For HPC clusters, if you set parallel to be “sge” or “slurm” based on your cluster, the pipeline will automatically submit separate jobs and monitor the run. Finally, it will collect results and summarize them.

Once the filtering step is validated by checking the QC report, the user can change the following settings and run the full analysis:

runAnalysis: True
overwrite: True

6.3 Prepare the sample meta file

The sample meta file, usually named as sampleMeta.csv, is a csv file storing data information.
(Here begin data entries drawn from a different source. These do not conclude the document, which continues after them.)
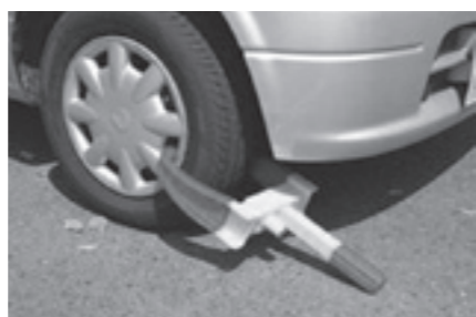
自動車の差押え(タイヤロック)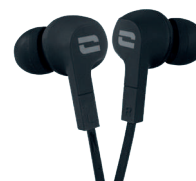
WASSERDICHTE KOPFHÖRER GEMÄSS IPX6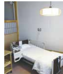
▲全床新しいベッドに入れ替え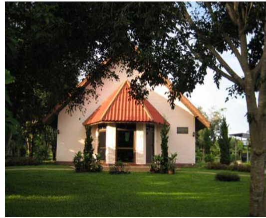
อาคารหอธรรม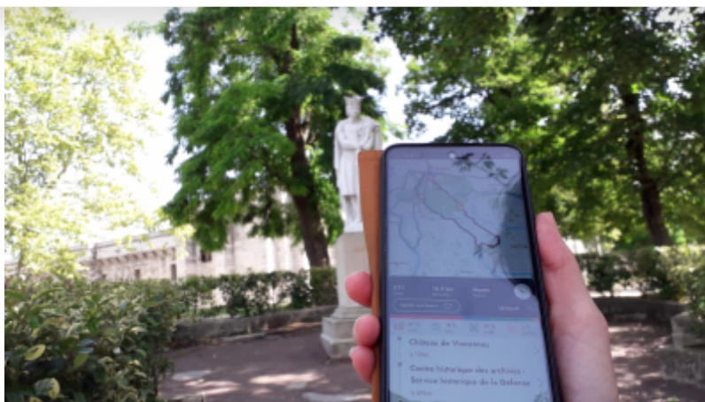
OT de Vincennes

Bougeott est une application, créée en 2020, par la Région Ile-de-France afin d'inciter les visiteurs à découvrir le patrimoine régional.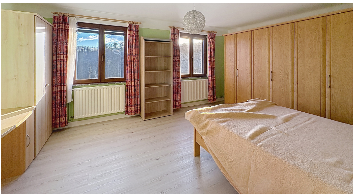
Photo intérieure - chambre 1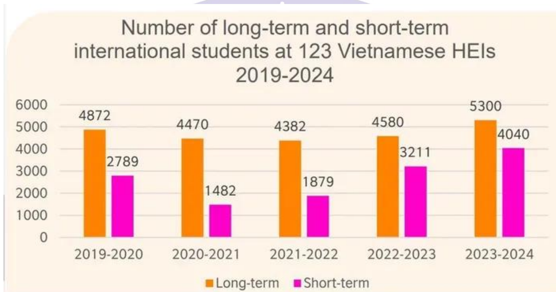
圖 3.在越南 123 所大學學習的國際學生人數

在這些數據中，長期學習的國際學生主要來自區域內國家，如寮國、韓國、新加坡、柬埔寨和中國。短期學習的學生也以亞洲國家為主，包括韓國、中國、新加坡、菲律賓及法國的學生。這些數據表明，越南的國際教育吸引力仍需進一步提升，以吸引更多來自不同地區的國際學生。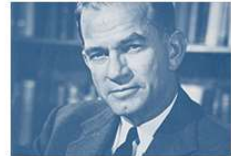
Senator J. William Fulbright

The minimal columns for this file are Sample_Name (This name can be changed, but it must be consistent with the sample_name in the config.yml file) and h5path. If you have the cell type annotation information, you can provide is by adding a column called metapath, which is an optional column. For other information, you can add as many columns in this csv file and the column names can be defined by yourself.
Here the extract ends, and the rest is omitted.